To do — Though the records contain pictures, copy none of them; repeat exactly the lines from the one with "(Sage FRP 1000" to the end.

Extracted information —
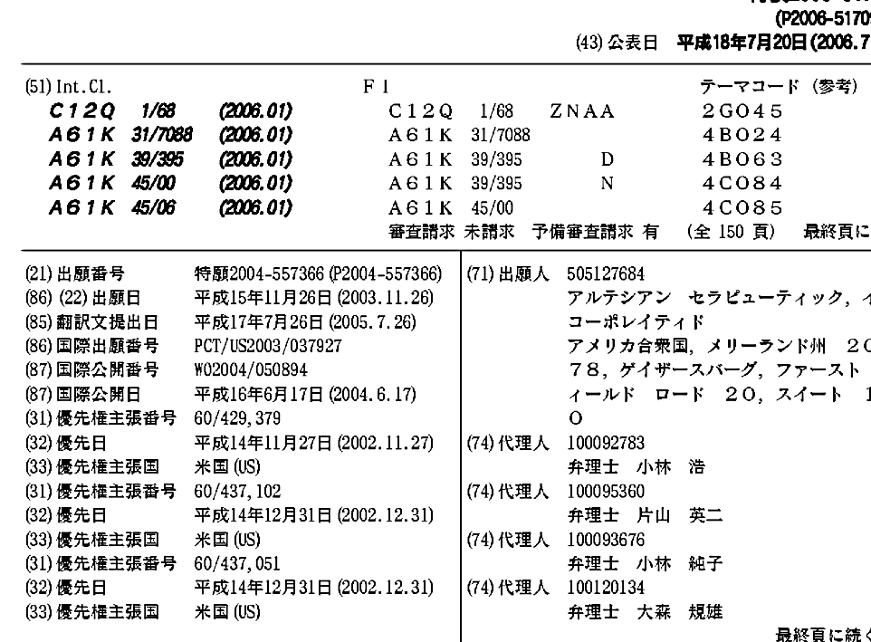 AU2003293124A1 | CA2506630A1 | EP1573045A2 | EP1573045A4 | JP2006517092A | MXPA05005653A | US20060275770A1 | WO2004050894A2 | WO2004050894A3
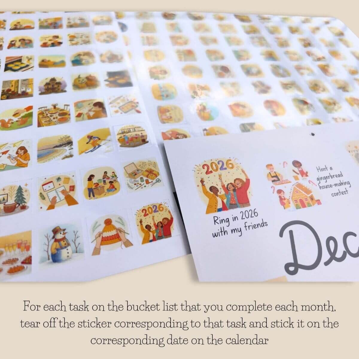 👌To make your experience even more engaging and interactive, we’ve included a set of 180 vibrant, high – quality stickers. These stickers, uniquely designed for each task on the bucket list, are not only visually appealing but also crafted with premium materials that ensure they adhere firmly to the calendar pages without leaving any residue when removed. They serve as a tangible and fun way to mark your achievements as you complete each item on your bucket list, adding a delightful personal touch to your journey of self – discovery and goal – setting.
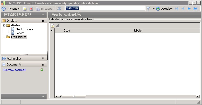 (Sage FRP 1000 Comptabilité) Menu Notes de Frais > Fichiers de base > Constitution des sections analytique des notes de frais
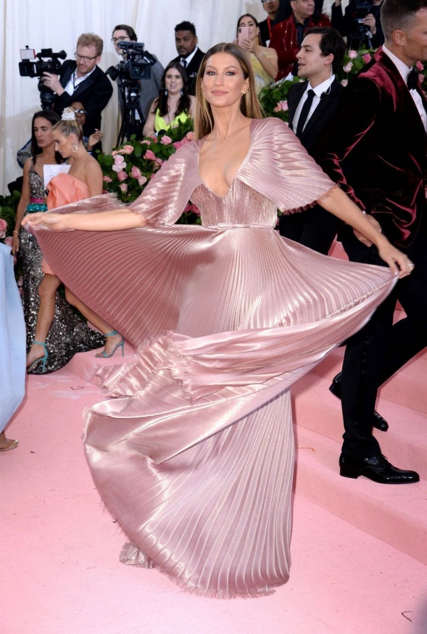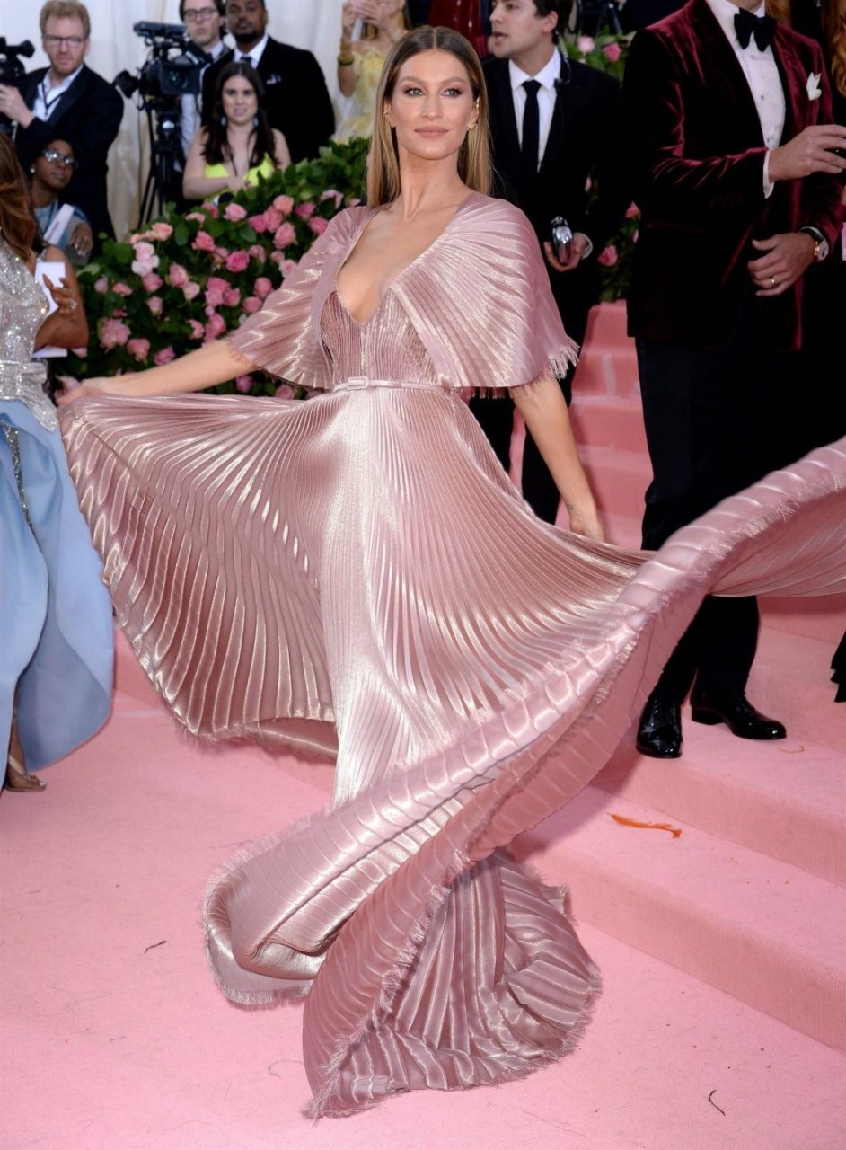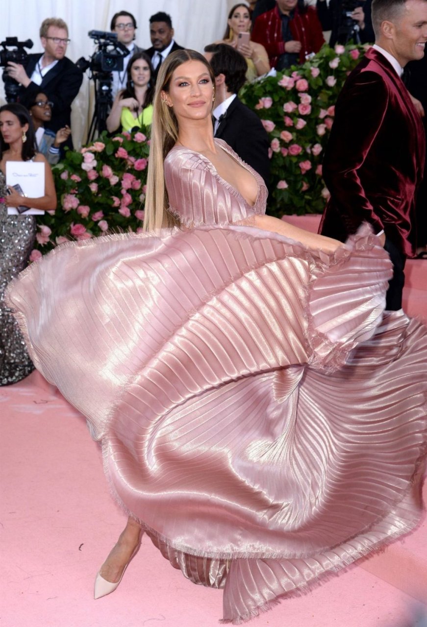 La supermodelo brasileña Gisele Bündchen mostró su escote con un hermoso vestido rosa en la Gala MET 2019 en Nueva York, 06/05/2019. Apareció en la alfombra rosa con su esposo, el futbolista Tom Brady.
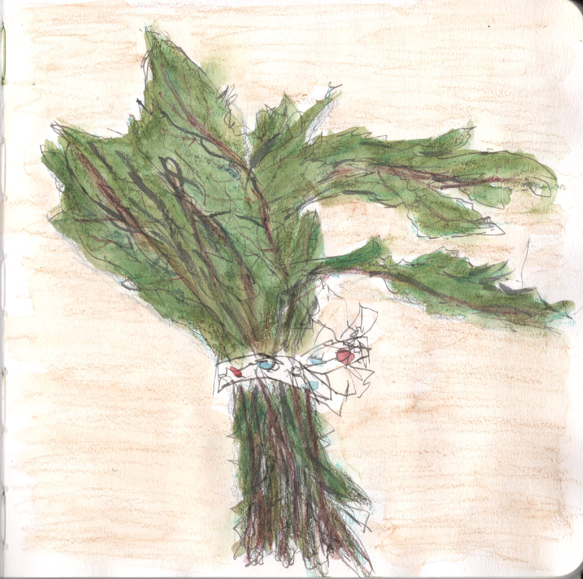 Fall chilly weather is here which means it is time to be making weekly soups. We do our grocery shopping on Tuesday mornings which means it’s a good time to draw vegetables. Here I’ve sketched the dandelion greens that made it into today’s soup. I am drawing this on Stillman & Birn Alpha paper which is pretty thin, so I’m starting to experiment with washes over watercolor pencil rather than using straight watercolor.
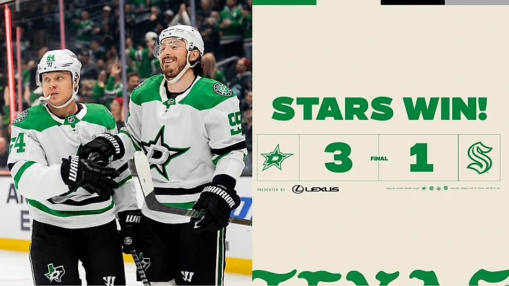 «Сиэтл Кракен»-»Даллас Старз» 1:3. Мэйсон Марчмент и Эса Линделл отдали по 2 результативные передачи, Кейси ДеСмит отразил 35 бросков. «Звёзды» выиграли 6 игру подряд.
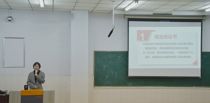 12月5日晚7:00,pa电子官方网站在E210教室举办毕业生就业指导讲座,为即将步入社会工作的同学们普及了就业政策、求职的基本知识以及面试的相关技巧。本次讲座由学校就业处李旭老师主讲。
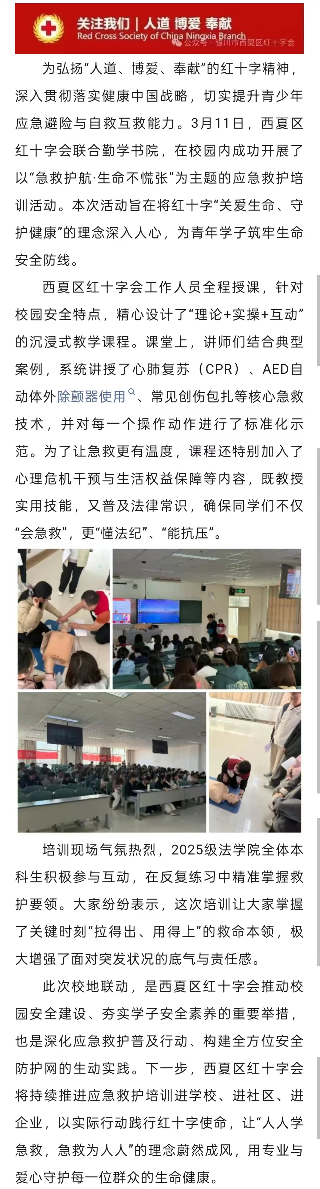 急救护航青春 守护生命安全——西夏区红十字会开展应急救护培训进高校
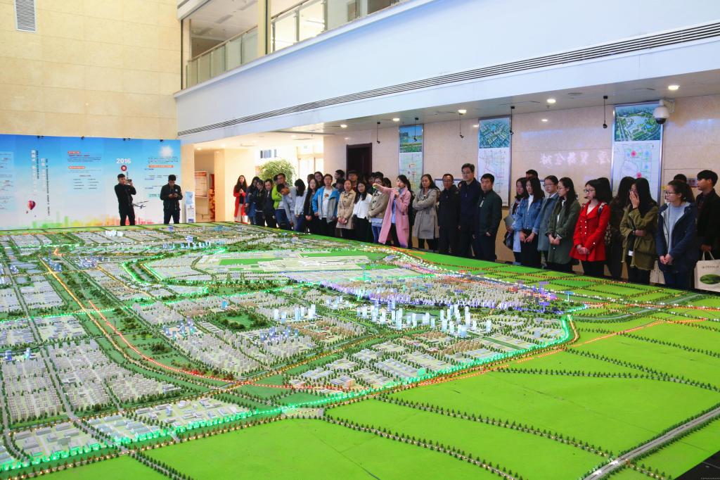 首先,人文学院师生参观了新郑机场T2航站楼和航空港区规划展览馆。在“十二五” 成就回顾展展台前,通过丰富的图片和大量的数据,师生们深入了解到航空港区近几年以创新、高科技等产业为支柱的各项产业迅猛发展,每年总产值增幅高达40%以上,2016年手机产量已达2亿部以上,成为全球最大的智能手机生产地。
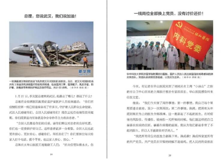 《2020:中國(guó)戰(zhàn)“疫”日志》一書以日志的形式,記錄了2020年1月23日到2月23日期間,中國(guó)每一天的戰(zhàn)“疫”故事:廣大醫(yī)護(hù)人員沒有遲疑、沒有退卻,和死神賽跑,與病毒抗?fàn)?,為生命接力;?jiān)持工作的人民警察、外賣員、環(huán)衛(wèi)工人、快遞員、志愿者……穿梭在城市的每個(gè)角落,守護(hù)著自己的城市;許多媒體記者冒著被感染的風(fēng)險(xiǎn),深入一線采訪報(bào)道……

Task output —
 (Sage FRP 1000 Comptabilité) Menu Notes de Frais > Fichiers de base > Constitution des sections analytique des notes de frais
 La supermodelo brasileña Gisele Bündchen mostró su escote con un hermoso vestido rosa en la Gala MET 2019 en Nueva York, 06/05/2019. Apareció en la alfombra rosa con su esposo, el futbolista Tom Brady.
 Fall chilly weather is here which means it is time to be making weekly soups. We do our grocery shopping on Tuesday mornings which means it’s a good time to draw vegetables. Here I’ve sketched the dandelion greens that made it into today’s soup. I am drawing this on Stillman & Birn Alpha paper which is pretty thin, so I’m starting to experiment with washes over watercolor pencil rather than using straight watercolor.
 «Сиэтл Кракен»-»Даллас Старз» 1:3. Мэйсон Марчмент и Эса Линделл отдали по 2 результативные передачи, Кейси ДеСмит отразил 35 бросков. «Звёзды» выиграли 6 игру подряд.
 12月5日晚7:00,pa电子官方网站在E210教室举办毕业生就业指导讲座,为即将步入社会工作的同学们普及了就业政策、求职的基本知识以及面试的相关技巧。本次讲座由学校就业处李旭老师主讲。
 急救护航青春 守护生命安全——西夏区红十字会开展应急救护培训进高校
 首先,人文学院师生参观了新郑机场T2航站楼和航空港区规划展览馆。在“十二五” 成就回顾展展台前,通过丰富的图片和大量的数据,师生们深入了解到航空港区近几年以创新、高科技等产业为支柱的各项产业迅猛发展,每年总产值增幅高达40%以上,2016年手机产量已达2亿部以上,成为全球最大的智能手机生产地。
 《2020:中國(guó)戰(zhàn)“疫”日志》一書以日志的形式,記錄了2020年1月23日到2月23日期間,中國(guó)每一天的戰(zhàn)“疫”故事:廣大醫(yī)護(hù)人員沒有遲疑、沒有退卻,和死神賽跑,與病毒抗?fàn)?,為生命接力;?jiān)持工作的人民警察、外賣員、環(huán)衛(wèi)工人、快遞員、志愿者……穿梭在城市的每個(gè)角落,守護(hù)著自己的城市;許多媒體記者冒著被感染的風(fēng)險(xiǎn),深入一線采訪報(bào)道……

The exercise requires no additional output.